Des messages de soutien sur les murs de la cité Maison Blanche à Marseille
Des messages de soutien sur les murs de la cité Maison Blanche à Marseille - C.Delabroy/20 Minutes

« Une famille sous le choc. »

Dans le quartier, des vidéos tournent, de même que des témoignages en provenance de la cité des Marronniers, où la course-poursuite s’est achevée vendredi par les tirs mortels de la Bac Nord. « Toutes les personnes qui ont vu ou filmé peuvent se manifester auprès de l’IGPN, elles n’ont rien à craindre, invite Me Clément Dalançon, l’avocat du père de Mehdi. C’est une famille sous le choc. Leur désir est de connaître la vérité sur les circonstances exactes de l’usage des armes par les forces de police. »

« Quand bien même ce serait vraiment passé comme ils disent, que le petit les aurait mis en joue, il y a au moins une première sommation, et une fois que le corps est à terre, on appelle les pompiers, on ne lui passe pas les menottes », s’émeut Dandy*, du collectif Maison Blanche, qui du haut de ses 25 ans a vu grandir Mehdi. « C’étaient des petits, je ne voulais pas qu’ils fassent de bêtises, continue-t-il. Mehdi, il avait tout le temps le sourire, il était curieux de tout connaître. Je me retrouvais en lui avec son caractère à ne pas rester en place. Je peux vous dire, pour avoir vu le placard qu’il partage avec son frère, il n’a pas la garde-robe d’un braqueur ».
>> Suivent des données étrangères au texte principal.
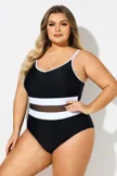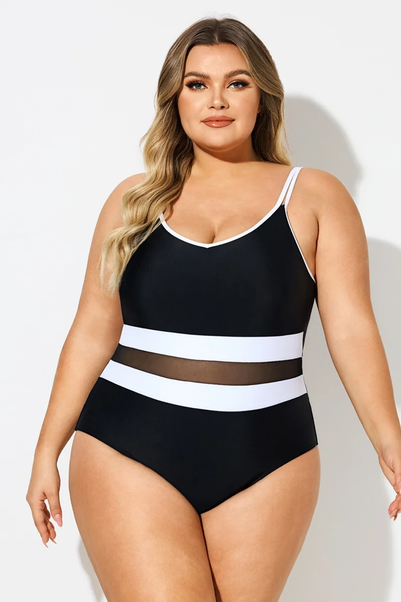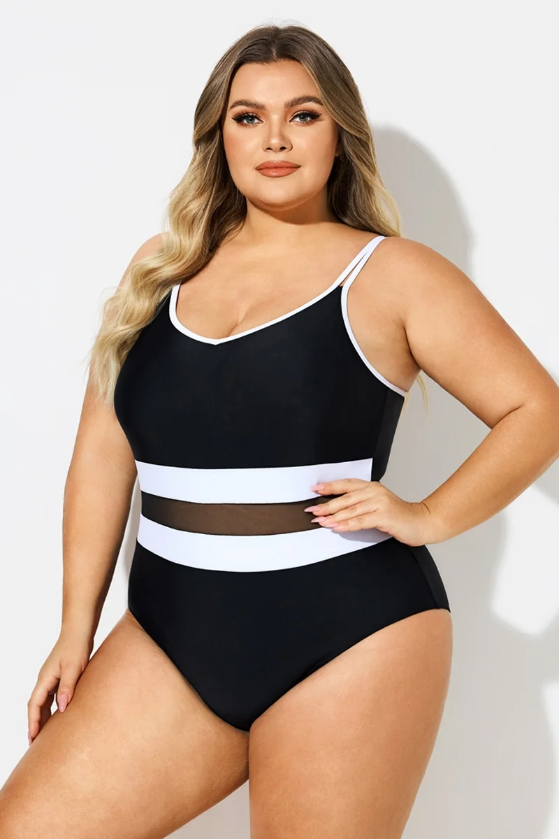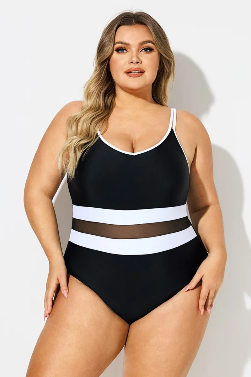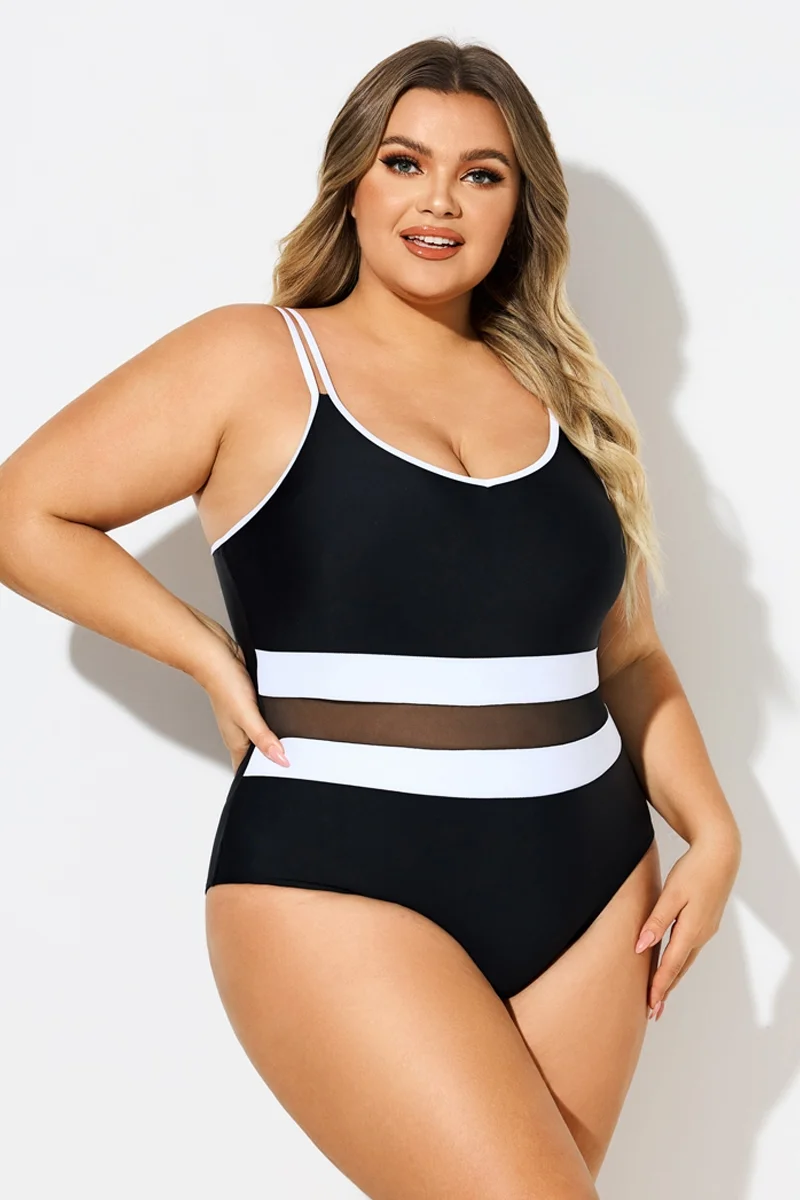 Plus Size Black & White Mesh One Piece Swimsuit - PremCurve
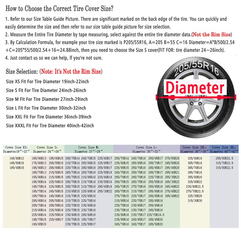 - 【Size Selection】一Universal fit for 40 - 42 inch tire diameters (⚠️ not the rim size).Please choose the suitable size of tire cover according to our size guide chart (or by calculate formula: For example your tire size marked is P295/80R22.5, A=295, B=80,C=22.5, Diameter=A*B/500/2.54+C=295*80/500/2.54+22.5=41.08 inch,then you should to choose the size XXXL for Tire Diameter 40-42 inch.)
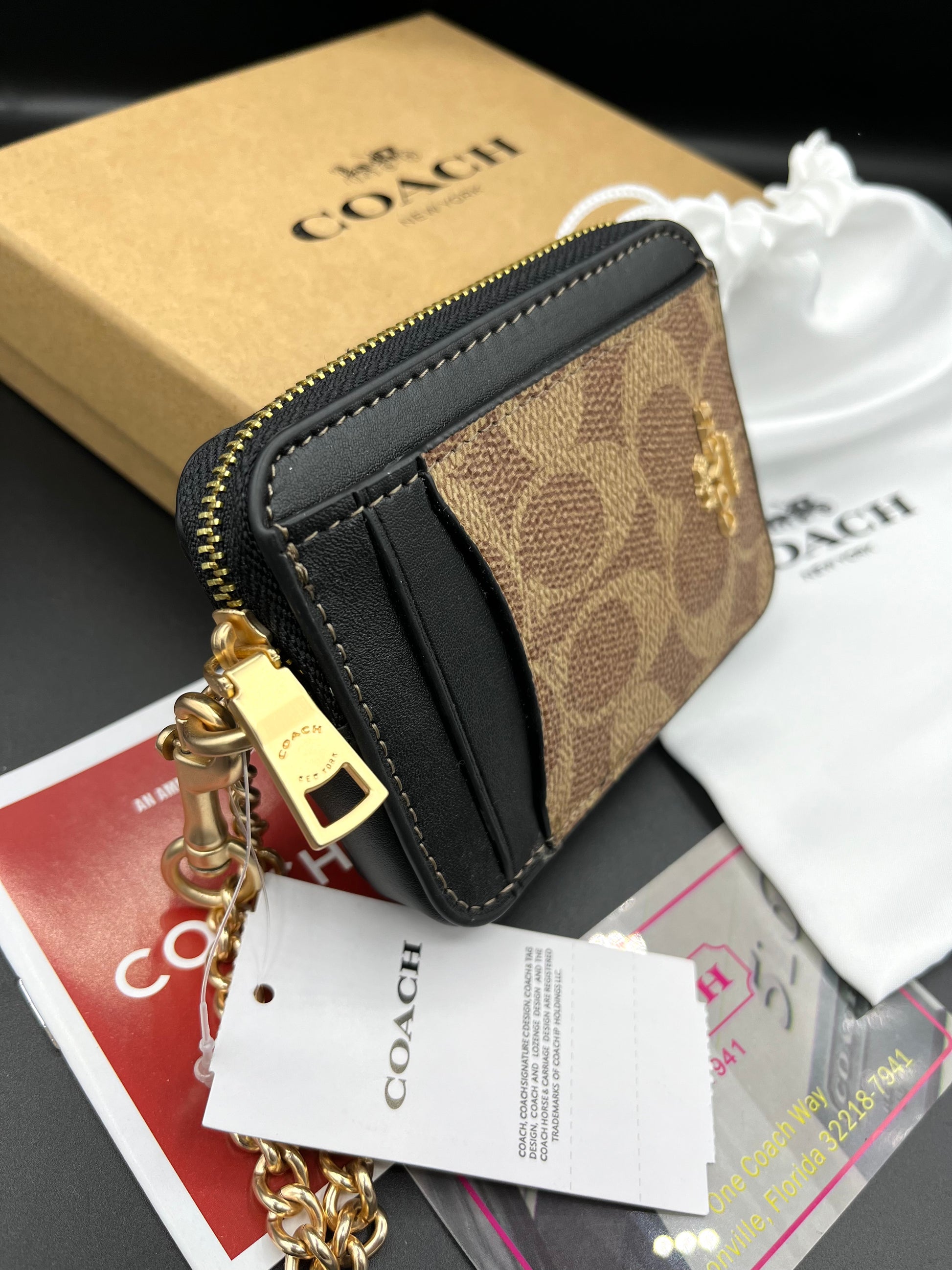 A refined card case combining signature canvas and smooth leather. The zip closure ensures security, while the structured design adds a polished finish.
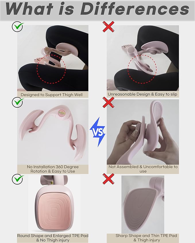 - SOFT AND CUSHIONY TEXTURE TO FEEL LIKE AN EXTENSION OF YOURSELF - We made unique design of Thigh master not to pinch or hurt your skin. you can exercise with our thigh master for long time. None-slip pads area is large enough to cover your thigh around and offer 360° adjustment. make your body slim and muscle easily!
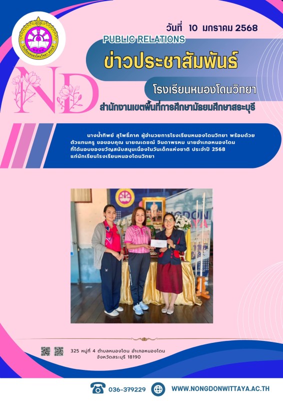 วันที่ 10 มกราคม 2568 นางน้ำทิพย์ สุโพธิ์ภาค ผู้อำนวยการโรงเรียนหนองโดนวิทยา พร้อมด้วยตัวแทนครู ขอขอบคุณ นายณเดชณ์ จินดาพรหม นายอำเภอหนองโดน ที่ได้มอบของขวัญสนับสนุนเนื่องในวันเด็กแห่งชาติ ประจำปี 2568 แก่นักเรียนโรงเรียนหนองโดนวิทยา
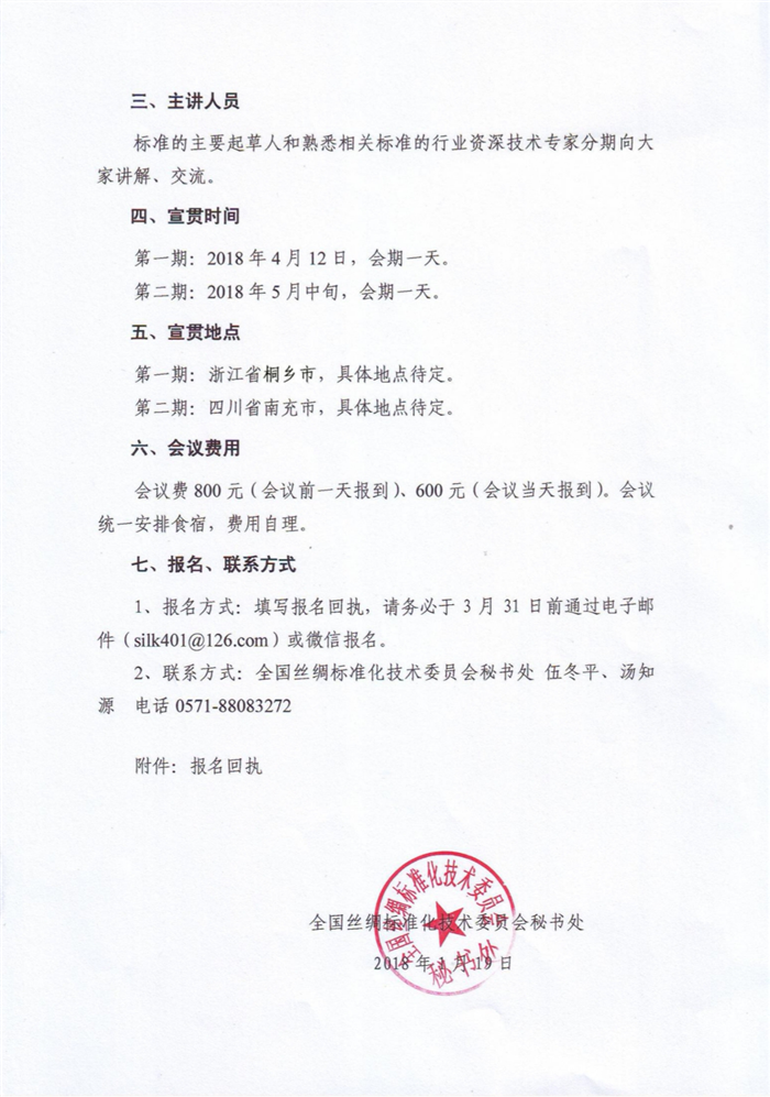 2、聯(lián)系方式:全國(guó)絲綢標(biāo)準(zhǔn)化技術(shù)委員會(huì)秘書處伍冬平、湯知源電話0571-88083272
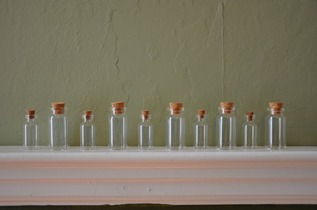 First, we have a set of specimen jars in two different sizes. I knew I wanted some jars to carry around with me, some with samples and some empty to use to collect samples while I was wearing the costume. I looked for antique ones on eBay but couldn’t find anything that wasn’t a) ridiculously expensive or b) just plain gross. Apparently, however, specimen jars with cork stoppers are a popular decorative or favor item and I found a set of 10 of each size for super cheap. I think they are perfect! I’m not sure what I’m going to fill them with yet, but I couldn’t pass them up.
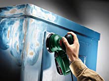 This orbital sander is the smallest in the Bosch series, but it does a wonderful job. It is good for sanding down wooden kitchen surfaces and making ready for oil-varnishing. Easy to use. Easy to change discs. easy to empty dust collector. Perfect device.
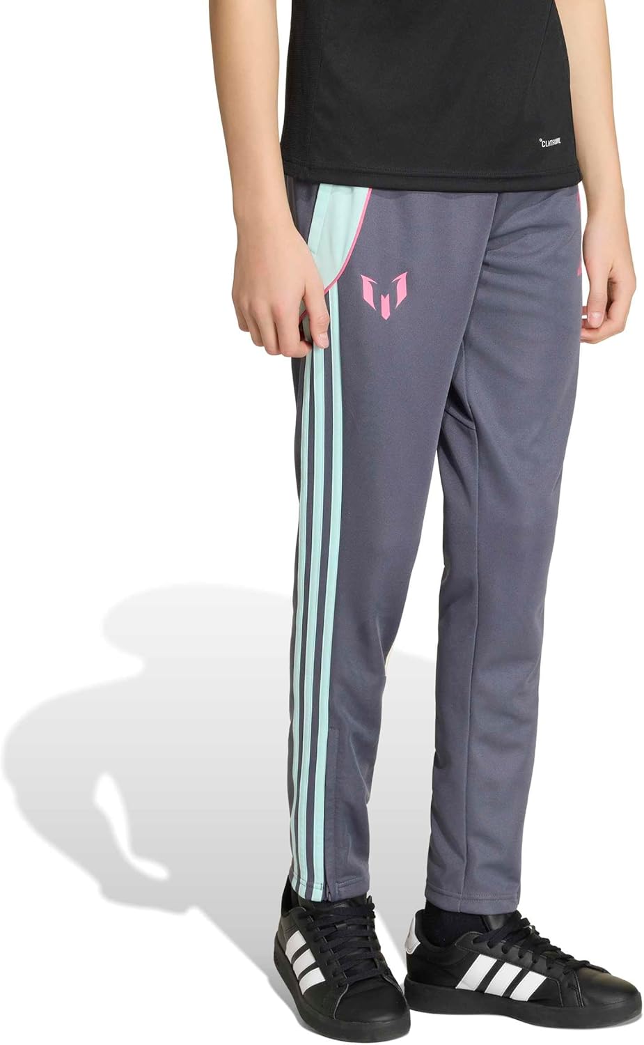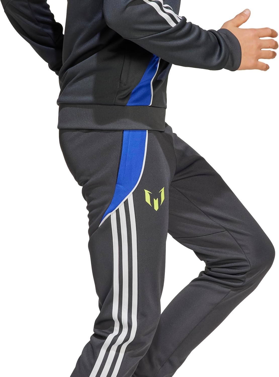 Rep your love of the G.O.A.T. in training and beyond in these juniors' soccer pants from adidas. Flashing that iconic Lionel Messi logo on the leg, they challenge you to hit or exceed your goals on and off the pitch. Zip pockets stash your essentials as you perfect your fancy footwork.

« Ce n’est pas un règlement de comptes, c’est pire. »

La veille de sa mort, Nair se souvient lui avoir dit « de se calmer un peu », loin de s’imaginer la suite : « Il avait des problèmes avec personne. Qu’est-ce qui fait qu’un jeune se lève le matin pour aller braquer ? Qui a tué Mehdi ? ». « On a fait un lourd échec sur ce jeune qu’on suit depuis ses neuf ans. On aurait préféré qu’il prenne vingt ans de prison mais qu’il soit en vie », confie Nair Abdallah, déplorant « l’abandon » des quartiers populaires par les politiques. « Ce n’est pas un règlement de comptes, c’est pire, poursuit-il. C’est ceux qui sont censés nous protéger qui l’ont abattu. On espère que ce sera la dernière victime des forces de l’ordre. »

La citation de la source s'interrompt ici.